Documents = Union[str, List[str]]
Embeddings = List[List[float]]

class SentenceTransformerCustomEmbeddingFunction(EmbeddingFunction[Documents]):
"""
A custom embedding function using sentence-transformers with a specific model.
"""

def __init__(self, model_name: str = "all-mpnet-base-v2", device: str = "cpu"): # TODO: your own model name and device
"""
Initialize the sentence-transformer embedding function.

Args:
model_name: Name of the sentence-transformers model to use
device: Device to run the model on ('cpu' or 'cuda')
"""
self.model_name = model_name or os.environ.get('SENTENCE_TRANSFORMERS_MODEL_NAME')
self.device = device or os.environ.get('SENTENCE_TRANSFORMERS_DEVICE')
self._model = None
self._dimension = None

def _ensure_model_loaded(self):
"""Lazy load the embedding model"""
if self._model is None:
try:
from sentence_transformers import SentenceTransformer
self._model = SentenceTransformer(self.model_name, device=self.device)
# Get dimension from model
test_embedding = self._model.encode(["test"], convert_to_numpy=True)
self._dimension = len(test_embedding[0])
except ImportError:
raise ImportError(
"sentence-transformers is not installed. "
"Please install it with: pip install sentence-transformers"
)

@property
def dimension(self) -> int:
"""Get the dimension of embeddings produced by this function"""
self._ensure_model_loaded()
return self._dimension

def __call__(self, input: Documents) -> Embeddings:
"""
Generate embeddings for the given documents.

Args:
input: Single document (str) or list of documents (List[str])

Returns:
List of embedding vectors
"""
self._ensure_model_loaded()

# Handle single string input
if isinstance(input, str):
input = [input]

# Handle empty input
if not input:
return []

# Generate embeddings
embeddings = self._model.encode(
input,
convert_to_numpy=True,
show_progress_bar=False
)

# Convert numpy arrays to lists
return [embedding.tolist() for embedding in embeddings]

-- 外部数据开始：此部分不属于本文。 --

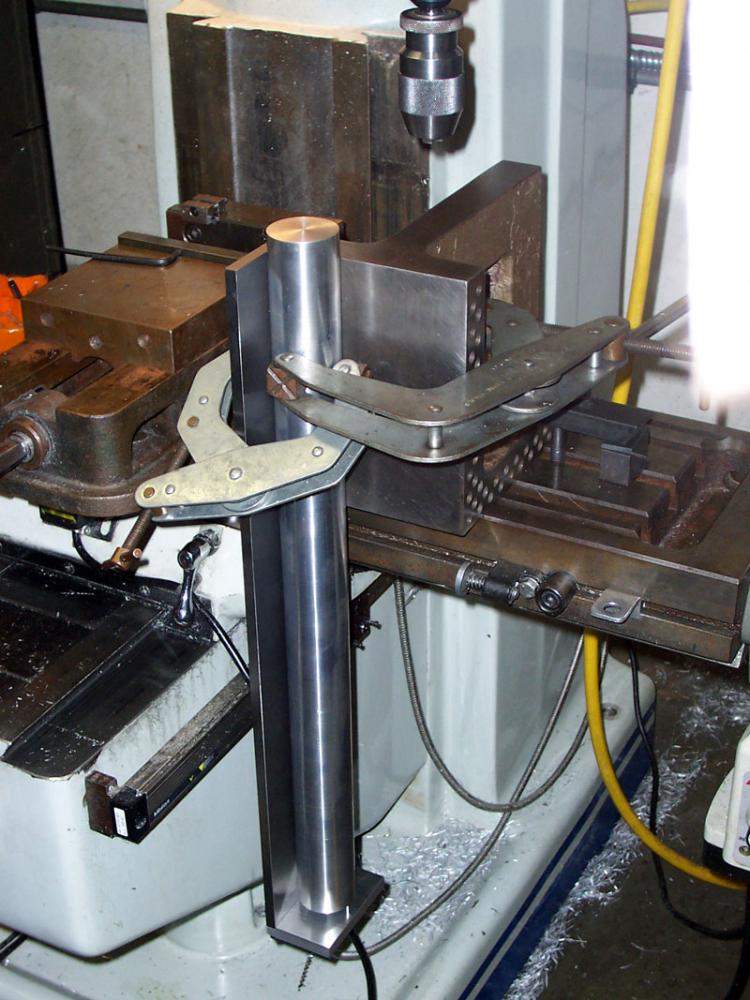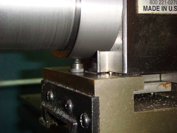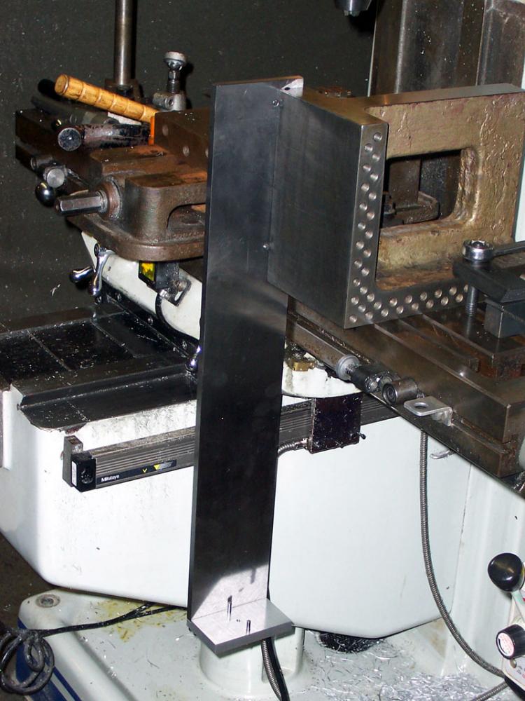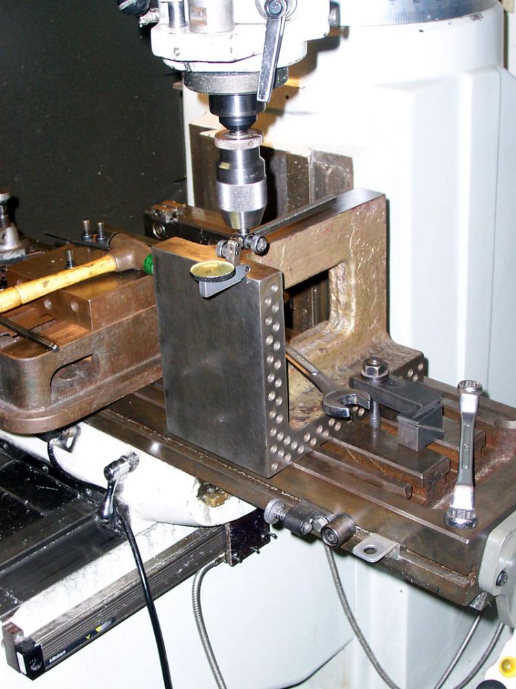 Now dial the face of the big angle block in square. It's hangling over the edge for clearance, Clarence...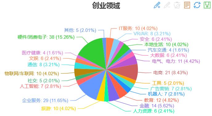 本次榜单 252 个创业项目覆盖超过 16 个领域,其中硬件/消费电子最多,占比为15%,另外创业项目分布较多的领域还包括企业服务、电商、金融、本地生活。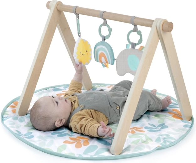 Elegante tappeto gioco con solido arco in legno a forma di A che offre al bebé uno spazio sicuro e confortevole per esplorare. Tre giochi sospesi – arcobaleno in peluche con campanellino, sole con specchietto e dolce elefantino – favoriscono lo sviluppo sensoriale, la motricità fine e la coordinazione occhio–mano. Il morbido tappetino imbottito in colori neutri si adatta a qualsiasi interno e si può lavare in lavatrice.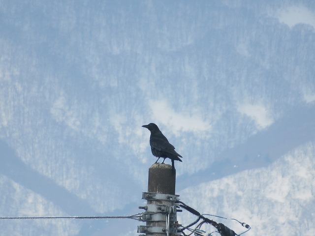 カラスが飛んできて、電柱に止まりました。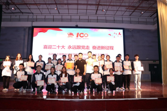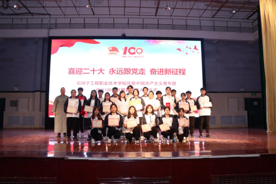 为表彰先进,树立典型,在本次入团仪式上由学院副院长靳录洋同志宣布了荣获学院2021年度“优秀共青团员”“优秀共青团干部”“五四红旗团支部”的先进集体和优秀个人获奖名单;工会主席王胜利同志宣布了荣获兵团级“我爱我的祖国·书画弘法治”书画比赛和“与法同行”主题征文获奖名单。获奖代表依次上台领奖,与会领导为获奖师生代表颁奖并合影留念。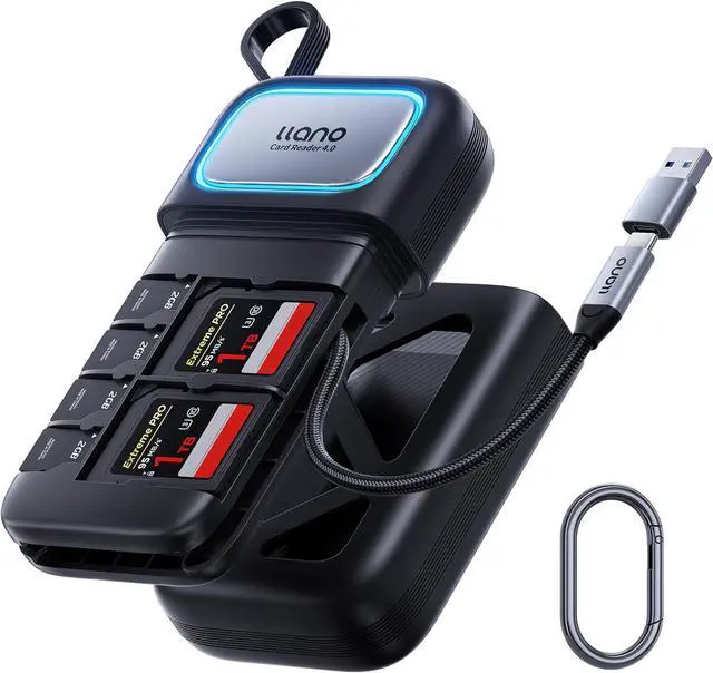 Card Reader & Storage:?? Combines a high-speed card reader with a protective case enabling?? simultaneous read/write?? for SD and Micro SD cards. Features?? secure locking slots?? to prevent card slippage with a compact design ideal for?? business travel vacations and outdoor photography??.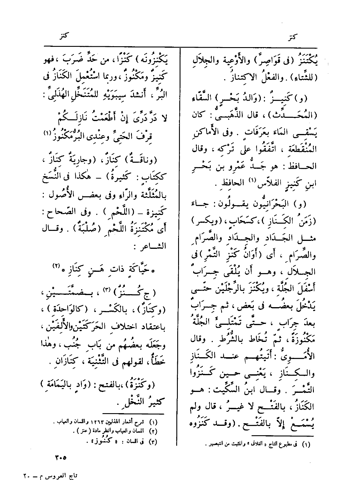يُكْتَنَزُ فِي قواصِرَّ والأَوعية والجِلال للشِّتاءِ. والفِعْل الاكْتِنازُ. كَنِيزٌ: والِدُ بَحْرٍ السَّقّاءِ المُحَدِّث، قَالَ الذَّهبيُّ: كَانَ يسْقِي المَاء بعرفاتٍ، وَفِي الأَماكن المُنقطعَةِ، اتَّفقُوا على تَركه، وَقَالَ الْحَافِظ: هُوَ جَدُّ عَمْرِو بنِ بحرِ بن كَنيزٍ الفَلاّس الْحَافِظ. البَحرانِيُّون يَقُولُونَ: جاءَ زَمَنُ الكِناز، كسَحابٍ، ويُكسَر مثل الجَداد والجِداد والصَّرامِ والصِّرامِ، أَي أَوانُ كَنْزِ التَّمْرِ فِي الجِلال، وَهُوَ أَن يُلْقَى جِرابٌ أَسفلَ الجُلَّةِ، ويُكْنَزَ بالرِّجلَين حتّى يدخُلَ بعضُ فِي بعض، ثمَّ جِرابٌ بعدَ جِرابٍ، حتّى تمتلئَ الجُلَّةُ مَكْنوزَةً، ثمَّ تُخاطُ بالشُّرَطِ، وَقَالَ الأُمَوِيُّ: أَتيتُهُم عندَ الكَنازِ والكِنازِ، يَعْنِي حِين كَنَزوا التَّمْرَ. وَقَالَ ابْن السِّكِّيت: هُوَ الكَنازُ، بِالْفَتْح. وَقد كَنَزوه يَكنِزونَه كَنْزاً، من حَدِّ ضَرَبَ، فَهُوَ كَنِيزٌ ومَكْنُوزٌ، ورُبَّما اسْتُعْمِلَ الكَنازُ فِي البُرِّ، أنْشد سِيبَوَيْهٍ للمُتَنَخِّلِ الهُذَلِيِّ: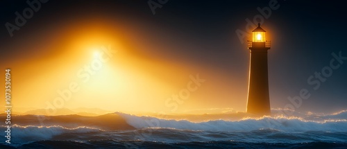 A lighthouse stands resilient against turbulent waves, illuminated by a warm glow.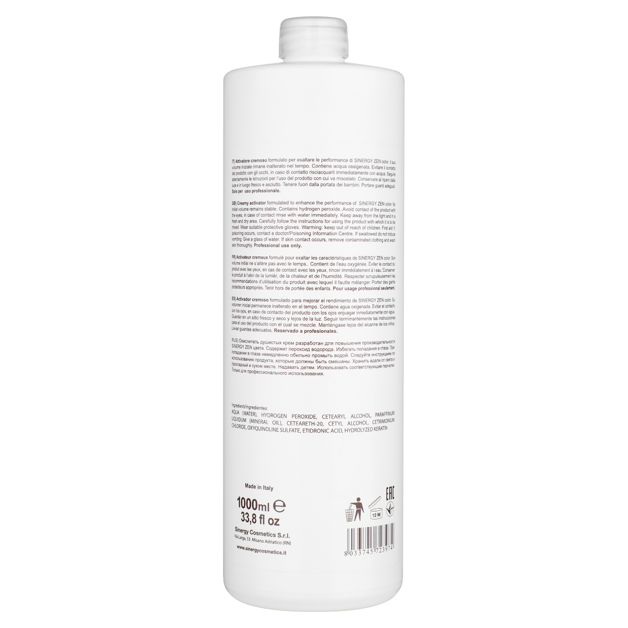Sinergy ZEN ароматизований крем-оксидант був розроблений для підвищення продуктивності професійної фарби для волосся ZEN. Косметичні та відновні властивості кератину в поєднанні з технологією створення забезпечують м'яку, кремоподібну і легку в застосуванні текстуру. На додаток до високостабілізуючої і захисної дії, робить волосся м'яким і насиченим з яскравим і стійким кольором.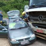 A batida envolveu um Corsa Wagon com placas de Campos Novos e uma carreta bitrem Mercedes-Benz Axor com placas de Campo Erê, no Oeste catarinense. Com o impacto o condutor do Corsa ficou preso nas ferragens. O local foi isolado para o trabalho dos socorristas.
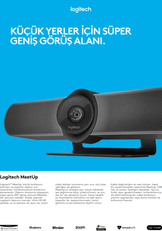 Küçük ve orta büyüklükteki toplantı odaları için tasarlanan Logitech MeetUp, tüm video konferans iletişim özelliklerini kompakt bir yapı ile üzerinde barındırır. 5x yakınlaştırma özellikli 4K Ultra HD kamera, HD ses kalitesi sunan hoparlör sistemi, gürültü ve yankı önleme özellikli çok yönlü üç adet mikrofon, hareketli pan-tilt özellikli mercek. MeetUp ekrana bir soundbar gibi takılır ve hoparlörü masadan kaldırarak oda boyunca uzayan kablolardan kurtulur ve kullanılabilen alanı maksimum boyuta çıkarır.

class OpenAIEmbeddingFunction(EmbeddingFunction[Documents]):
"""
A custom embedding function using Embedding API.
"""

def __init__(self, model_name: str = "", api_key: str = "", base_url: str = ""):
"""
Initialize the Embedding API embedding function.

Args:
model_name: Name of the Embedding API embedding model
api_key: Embedding API key (if not provided, uses EMBEDDING_API_KEY env var)
"""
self.model_name = model_name or os.environ.get('EMBEDDING_MODEL_NAME')
self.api_key = api_key or os.environ.get('EMBEDDING_API_KEY')
self.base_url = base_url or os.environ.get('EMBEDDING_BASE_URL')
self._dimension = None
if not self.api_key:
raise ValueError("Embedding API key is required")

def _ensure_model_loaded(self):
"""Lazy load the Embedding API model"""
try:
client = OpenAI(
api_key=self.api_key,
base_url=self.base_url
)
response = client.embeddings.create(
model=self.model_name,
input=["test"]
)
self._dimension = len(response.data[0].embedding)
except Exception as e:
raise ValueError(f"Failed to load Embedding API model: {e}")

@property
def dimension(self) -> int:
"""Get the dimension of embeddings produced by this function"""
self._ensure_model_loaded()
return self._dimension

def __call__(self, input: Documents) -> Embeddings:
"""
Generate embeddings using Embedding API.

Args:
input: Single document (str) or list of documents (List[str])

Returns:
List of embedding vectors
"""
# Handle single string input
if isinstance(input, str):
input = [input]

# Handle empty input
if not input:
return []

# Call Embedding API
client = OpenAI(
api_key=self.api_key,
base_url=self.base_url
)
response = client.embeddings.create(
model=self.model_name,
input=input
)

# Extract Embedding API embeddings
embeddings = [item.embedding for item in response.data]
return embeddings


def create_embedding_function() -> EmbeddingFunction:
embedding_function_type = os.environ.get('EMBEDDING_FUNCTION_TYPE')
if embedding_function_type == "api":
print("Using OpenAI Embedding API embedding function")
return OpenAIEmbeddingFunction()
elif embedding_function_type == "local":
print("Using SentenceTransformer embedding function")
return SentenceTransformerCustomEmbeddingFunction()
elif embedding_function_type == "default":
print("Using Default embedding function")
return DefaultEmbeddingFunction()
else:
raise ValueError(f"Unsupported embedding function type: {embedding_function_type}")

创建 Collection

get_or_create_collection() 方法中我们传入了 embedding_function,之后使用这个 collection 的 add()query() 方法的时候就不需要传入向量了,只需传入文本,向量会由 embedding_function 自动生成。

1
2
3
4
5
6
7
8
9
10
11
12
13
14
15
16
17
18
19
20
21
22
23
24
25
26
27
28
29
30
def get_seekdb_collection(client, collection_name: str = "embeddings",
embedding_function: Optional[EmbeddingFunction] = DefaultEmbeddingFunction(),
drop_if_exists: bool = True):
"""
Get or create a collection using pyseekdb's get_or_create_collection.

Args:
client: seekdb client instance
collection_name: Name of the collection
embedding_function: Embedding function (required for automatic embedding generation)
drop_if_exists: Whether to drop existing collection if it exists

Returns:
Collection object
"""
if drop_if_exists and client.has_collection(collection_name):
print(f"Collection '{collection_name}' already exists, deleting old data...")
client.delete_collection(collection_name)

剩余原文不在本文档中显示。